「怠け者」は緊急時に備える予備要因!

「怠け者」にも存在意義があった――。

蟻の研究をしている北海道大学大学院農学研究院の長谷川英祐准教授によると、蟻のコロニー(巣)の中には働き者の蟻と怠け者の蟻がいて、怠け者蟻の割合は常に2~3割になっているそうです。

興味深いのは、働き者蟻だけを取り出してコロニー(巣)をつくったところ、そのうちの2割が怠け者蟻になるということ。働き者蟻が怠け者蟻に変化するのです。

それは、なぜか?

長谷川さんの研究によれば、2割の怠け者蟻がいる理由、それは蟻のコロニーの場合、外敵(蟻の天敵)から攻撃を受けた時に緊急対応できるよう温存しているというのです。怠け者蟻はいわば「予備要員」というわけです。稼働していないように見えて、スタンバイOKなのです。

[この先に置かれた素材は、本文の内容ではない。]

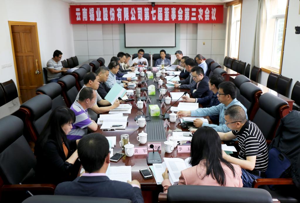 云南錫業(yè)股份有限公司第七屆董事會(huì)第三次會(huì)議于2018年4月25日在公司四樓一會(huì)議室以現(xiàn)場(chǎng)記名投票表決方式召開。公司董事會(huì)由10名董事組成,出席會(huì)議董事7名,由于工作原因無(wú)法參加本次董事會(huì)的3名董事分別委托董事會(huì)成員參加并代為行使表決權(quán)。公司董事長(zhǎng)湯發(fā)主持會(huì)議。

かくして、蟻の世界では、働き者蟻にも怠け者蟻にも肯定的な生存意図があるということなのです。これは、蟻という個体が持つ“性格“というより、集団組織の力学的な面があるようです。

先日、「羽鳥慎一のモーニングショー」(テレビ朝日系列)で「ビジネスでも同じことが言えるか」とのテーマが番組に出演をしました。

▼ビジネスの世界でも「怠け者」が「エース」になる

人事研修やビジネスコンサルティングの世界には、「2:6:2の法則」といわれているものがあります。

ご存じの方も多いでしょうが、全体のトップ2割がとても働き者で優秀、中間の6割が普通、下位2割はやる気が低下して成果を出さない、という構造が企業の中などで見られるといわれます。

人間組織にも集団の力学として、「下位2割」に蟻と同じような肯定的な生存意図があるかどうかは分かりません。ただ、少なくとも下位2割の力は、「外的要因」によって大きく変化するのは蟻だけではなく、人間も同じではないでしょうか。